6. Diversifying prematurely. As the old saying goes, “do what you do, do it well and do more of it!”  As entrepreneurs, we have a tendency to have a high risk tolerance which can lead to investing profits of a business in areas that distract us from our purpose and take away resources from where they can do the most good.  Where should you invest your profits?  Invest in your business and in yourself.  There are few other investments that will produce the incredible return you will get long term from investing in yourself and from putting money back into your business to stimulate quality and growth.  Also, retaining a portion of your profit will give you the ability to seize opportunities when they appear.  I’ve found that when I’m working from a place of abundance I make better choices about who I work with and how I spend my time.  Scarcity leads to poor, “needy” decisions and “time terrorists.”

 

7. Listening to business or financial advisors who have a “cut back “mentality. I’ve had a lot of business advisors, coaches, accountants, attorneys and financial advisors over the years. Some great, some awful.  When starting a new business, many owners just take the advice of whoever is available or was recommended by a family member.  A better approach would be to interview these advisors or managers as you would a prospective employee.  Look out for the “dark-cloud, Chicken Little, or Negative Nelly” who says you should cut back but can’t tell exactly where and why.  As Zig Ziglar used to say, “don’t go to a fat doctor,” and don’t trust the financial advice of someone who’s broke.  Find successful people to mentor you.  Look for a “production” attitude, not a “reduction” attitude.
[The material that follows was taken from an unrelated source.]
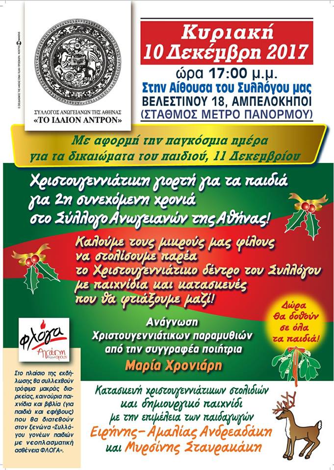 Χριστουγεννιάτικη γιορτή για τα παιδιά, διοργανώνει ο Σύλλογος των Ανωγειανών της Αθήνας “Το Ιδαίον Άντρον”, την ερχόμενη Κυριακή 10 Δεκεμβρίου στις 5 μ.μ, στα γραφεία του στους Αμπελόκηπους (Βελεστίνου 18-Στάση Μετρό Πανόρμου). Η εκδήλωση που θα λάβει χώρα για δεύτερη συνεχόμενη χρονιά, γίνεται και με αφορμή την παγκόσμια ημέρα για τα δικαιώματα του παιδιού που είναι η 11η Δεκεμβρίου, ενώ παράλληλα με τα παιχνίδια με τα παιδιά, στον χώρο θα συλλέγονται τρόφιμα μακράς διαρκείας, παιχνίδια και βιβλία που θα δοθούν στον ξενώνα “Συλλόγου γονέων,παιδιών με νεοπλασματική ασθένεια Φλόγα”.
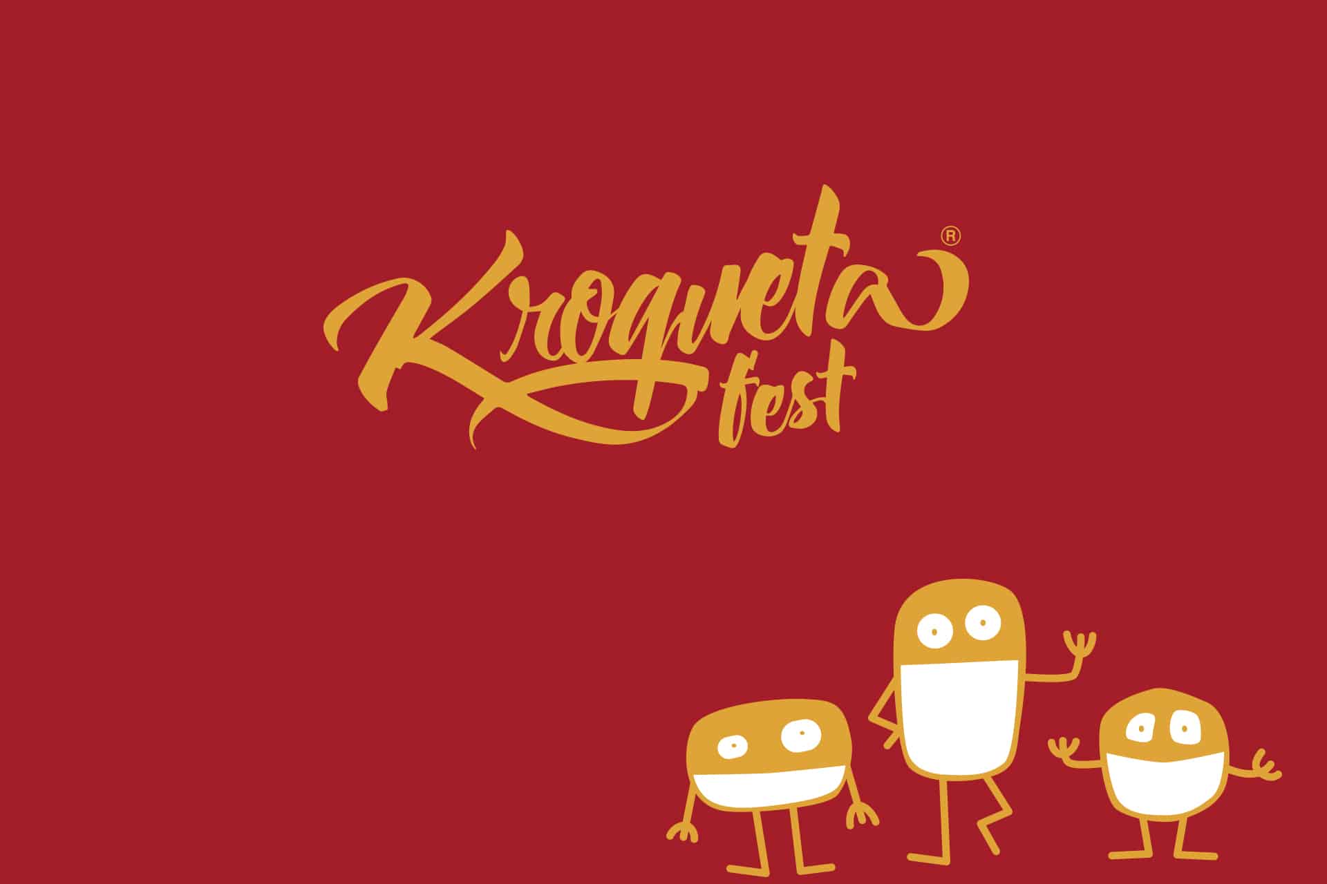 En cuanto a la marca realizamos un logotipo en caligrafía, manuscrita. Dotándola de un color amarillo/ocre sobre un fondo rojo, enfatizando así un color "croqueta". Para las aplicaciones, diseñamos/ilustramos 3 croquetas (Kroquetín, Kroquetón y Kroqueta) en tintas planas, que nos acompañan en todo el evento, de la mano también de frases relacionadas con croquetas.

As business owners, we have a responsibility to our employees and customers (patients) to maintain a financially successful business where we can provide exceptional service in a fun, positive environment.  Having the right philosophies will help us avoid common mistakes that often lead businesses to struggle and even to fail.  If our goal for our business is to thrive and to grow, we must be committed to personally thrive and grow as the leaders of our organizations.  If we properly focus our attention on our business, we succeed.